How to win the campaign against VSU

June 1, 1994
Issue 

Comment by Rachel Evans
and Alex Bainbridge

Voluntary student unionism (VSU) is the most serious issue affecting the student movement since the introduction of up-front fees and HECS. What is at stake is the right of students to form representative organisations and to campaign effectively for student rights.

The legislation introduced by the Kennett government outlaws universal membership of student organisations and specifically limits what students' money, in the form of a compulsory amenities and services fee, can be used for. This legislation prohibits students from being able to control the spending of their own money.
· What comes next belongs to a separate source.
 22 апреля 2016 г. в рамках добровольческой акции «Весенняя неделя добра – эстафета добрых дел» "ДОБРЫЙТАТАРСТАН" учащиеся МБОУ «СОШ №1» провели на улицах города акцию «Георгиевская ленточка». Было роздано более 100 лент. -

Amendments announced on May 24 do not change the central thrust of the legislation, which is to prevent student unions from representing all students and to limit their ability to campaign. The Liberals want VSU so they can carry out their attacks on students, including up-front fees, with minimal student opposition.

VSU follows a long history of attacks by the federal Labor government since 1986 including the administration charge, HECS, fees for overseas and postgraduate students and cuts in Austudy. The ALP shares the economic "rationalist" agenda of the Liberal Party.
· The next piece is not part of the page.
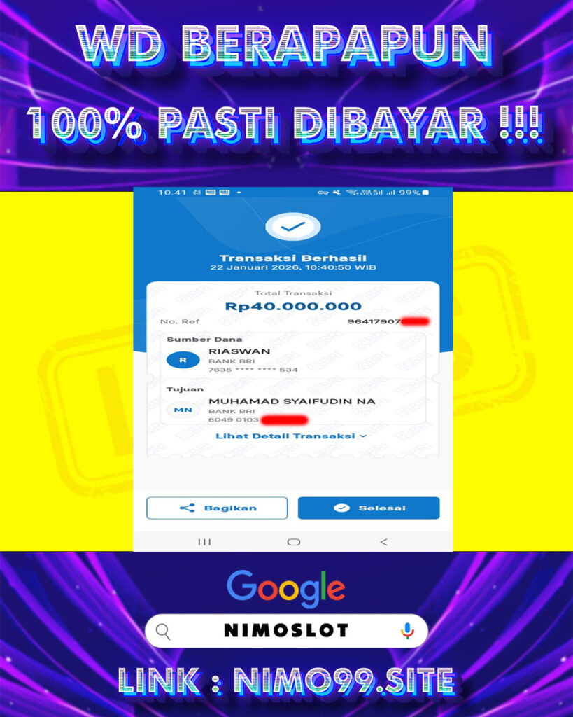 Kami NIMOSLOT sebagai situs resmi slot gacor online mudah menang maxwin hari ini, juga akan memberikan info bocoran game slot gacor untuk para member setia kami. Dan yang paling menarik lagi ialah anda dapat dengan mudah melakukan transaksi deposit maupun withdraw menggunakan beberapa cara. Yaitu transaksi dapat dengan menggunakan bank lokal, deposit pulsa, dan masih banyak yang lainnya.

While the Labor Party has spoken against Kennett's legislation, in practice the type of unions they support are ones that won't fight against their own attacks on education.
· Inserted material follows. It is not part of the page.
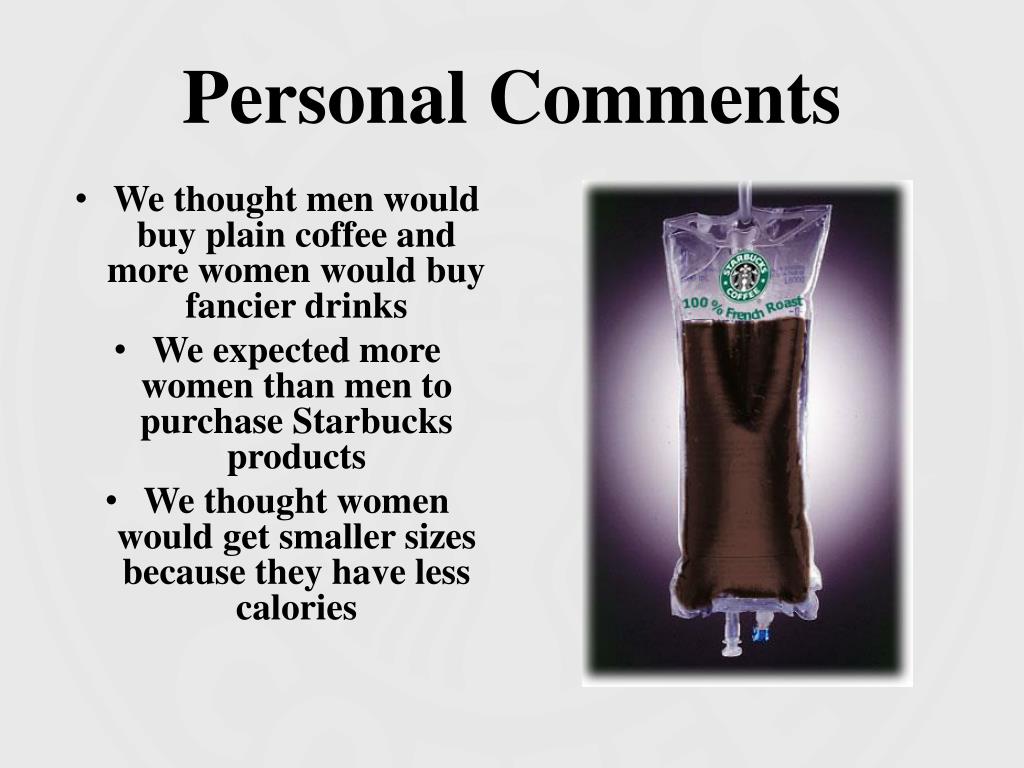 Personal Comments • We thought men would buy plain coffee and more women would buy fancier drinks • We expected more women than men to purchase Starbucks products • We thought women would get smaller sizes because they have less calories

Since VSU is connected to the economic rationalist program of the major parties, the campaign against VSU needs to remain independent of them, and we need to connect the campaign to the defence of student rights. We need to demonstrate in practice that our student unions are active, campaigning and democratic if we are to win.

The role of NUS

Students may be wondering what "their" National Union of Students (NUS) has been doing since the threat of VSU appeared. It certainly hasn't run a concerted and uncompromising campaign in defence of student unionism!

In fact, NUS' public statements have attempted to play down student unions' role as organisations that can defend students' rights. The Victorian state president of NUS, Liberty Sanger, declared on April 27: "A lot of people think back to the 1960s and 1970s when they think of student unions — long hair, free love and pot. Times have changed drastically, and nowhere more so than Victorian education campuses ... We are trying to be as professional as possible."

According to Sanger, student unions can only be "justified by the services and facilities students enjoy on campus". What about defending student rights?

While the activist-based Student Unionism Network (SUN) has been organising protests, actions and an information campaign, the ALP-dominated NUS has not seriously thrown its weight and resources into the campaign. NUS has continually hesitated on whether to work with SUN and whether even to endorse the rallies. NUS has been a constant frustration for the activists in SUN, and has not run any significant campaign despite costing student unions tens, if not hundreds, of thousands of dollars in affiliation fees.

The strategy of NUS has been to focus on lobbying and court challenges, something they are currently considering. In the anti-HECS campaign, NUS counterposed a High Court challenge to an ongoing mobilisation of a grassroots campaign. The High Court challenge never amounted to anything.

Independent student movement

The only way to defeat VSU is through an ongoing and independent student movement, organised by and mobilising students themselves. We cannot afford to let the campaign be held hostage to the political interests of keeping Labor in office.

We should welcome all support, from all sectors, as long as that support is based clearly on the defence of student unionism in order to defend student rights, not as a service or political bureaucracy tied to government.

Broad and militant protests by tens of thousands of students stopped the introduction of full up-front fees in the '80s. A dynamic grassroots student movement — actively seeking alliances with other sectors under attack by the Kennett government — is the only force capable of stopping VSU now. [Rachel Evans and Alex Bainbridge are Resistance activists from La Trobe and Melbourne universities. This paper is presented for consideration by other activists in preparation for the Campus Activist Forum in Sydney on July 16 at the University of Technology, Sydney.]